→ MATERIAL PROVIDED:

=======

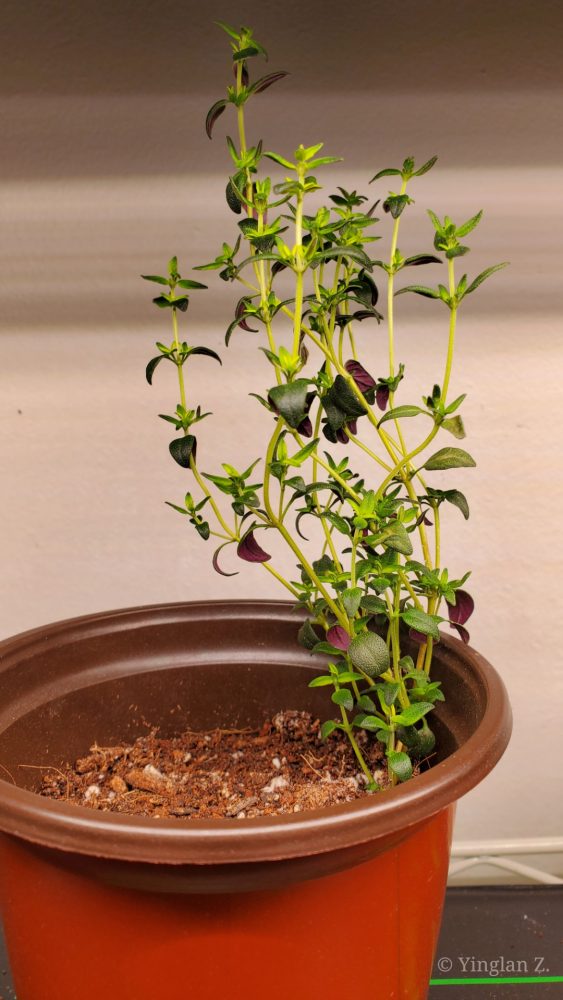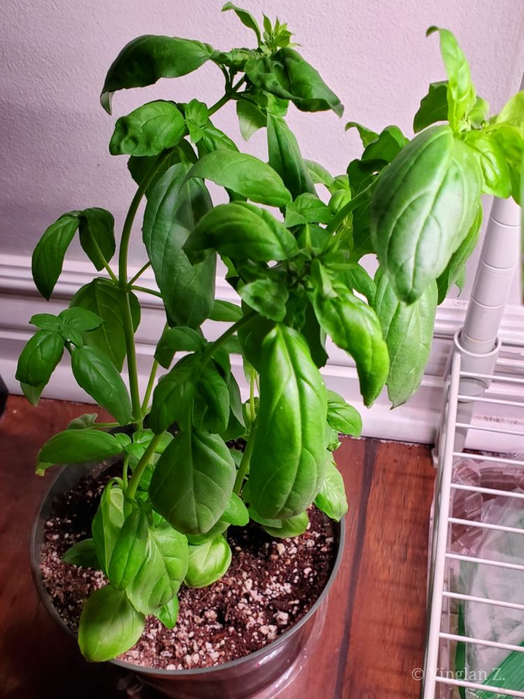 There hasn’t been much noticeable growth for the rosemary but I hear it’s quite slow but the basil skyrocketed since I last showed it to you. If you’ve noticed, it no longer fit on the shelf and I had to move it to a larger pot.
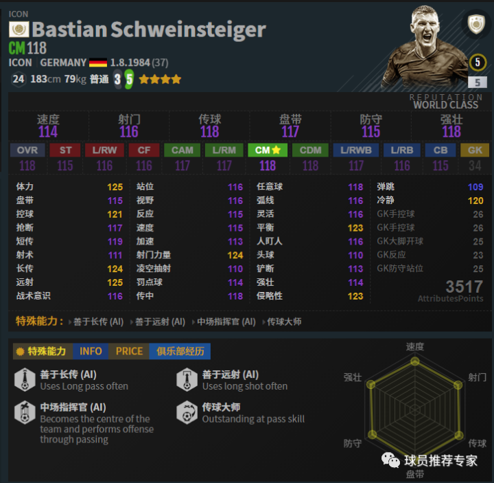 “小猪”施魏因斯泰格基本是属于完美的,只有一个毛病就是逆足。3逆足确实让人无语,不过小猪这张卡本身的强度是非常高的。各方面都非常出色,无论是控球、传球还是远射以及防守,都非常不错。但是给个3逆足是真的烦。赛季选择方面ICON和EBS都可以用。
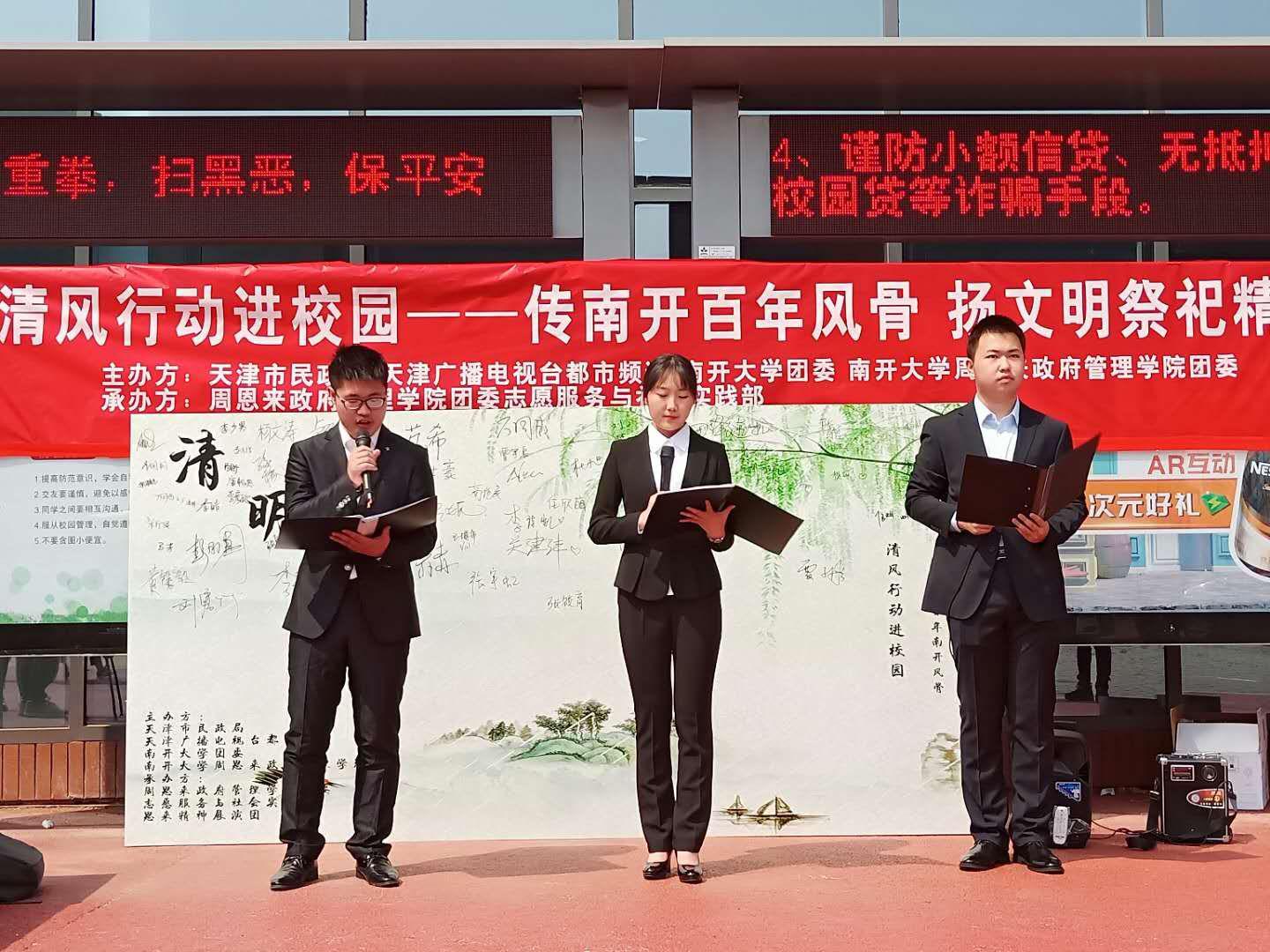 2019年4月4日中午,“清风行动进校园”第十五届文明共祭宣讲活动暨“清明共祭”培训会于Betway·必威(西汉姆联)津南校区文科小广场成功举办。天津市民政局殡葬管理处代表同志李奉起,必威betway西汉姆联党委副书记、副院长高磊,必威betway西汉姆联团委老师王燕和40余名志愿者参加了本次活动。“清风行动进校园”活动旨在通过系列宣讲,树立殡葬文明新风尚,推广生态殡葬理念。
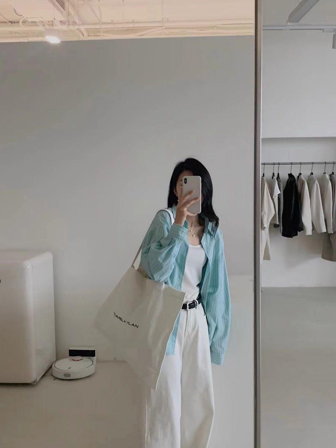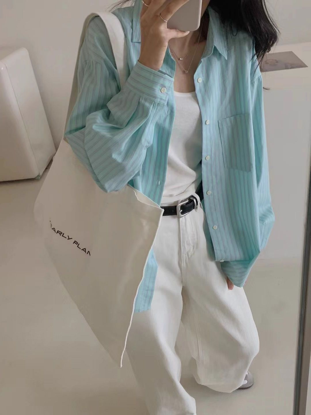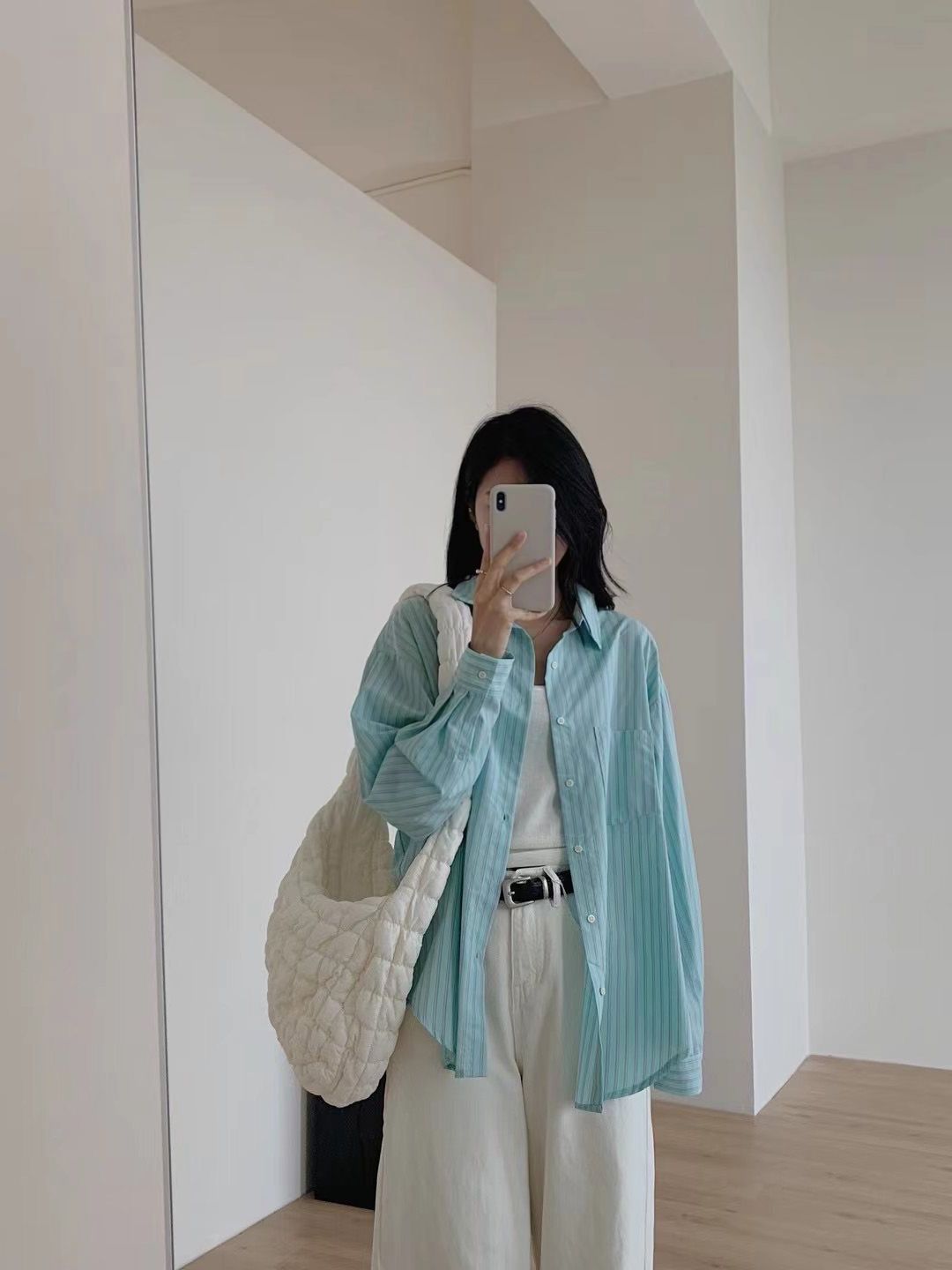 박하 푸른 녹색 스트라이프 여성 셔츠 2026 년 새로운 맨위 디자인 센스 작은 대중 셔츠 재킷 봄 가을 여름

=======

→ ASSIGNMENT:
Pictures are not part of the copy; retype all the other material exactly.

→ RESPONSE AREA:
 There hasn’t been much noticeable growth for the rosemary but I hear it’s quite slow but the basil skyrocketed since I last showed it to you. If you’ve noticed, it no longer fit on the shelf and I had to move it to a larger pot.
 “小猪”施魏因斯泰格基本是属于完美的,只有一个毛病就是逆足。3逆足确实让人无语,不过小猪这张卡本身的强度是非常高的。各方面都非常出色,无论是控球、传球还是远射以及防守,都非常不错。但是给个3逆足是真的烦。赛季选择方面ICON和EBS都可以用。
 2019年4月4日中午,“清风行动进校园”第十五届文明共祭宣讲活动暨“清明共祭”培训会于Betway·必威(西汉姆联)津南校区文科小广场成功举办。天津市民政局殡葬管理处代表同志李奉起,必威betway西汉姆联党委副书记、副院长高磊,必威betway西汉姆联团委老师王燕和40余名志愿者参加了本次活动。“清风行动进校园”活动旨在通过系列宣讲,树立殡葬文明新风尚,推广生态殡葬理念。
 박하 푸른 녹색 스트라이프 여성 셔츠 2026 년 새로운 맨위 디자인 센스 작은 대중 셔츠 재킷 봄 가을 여름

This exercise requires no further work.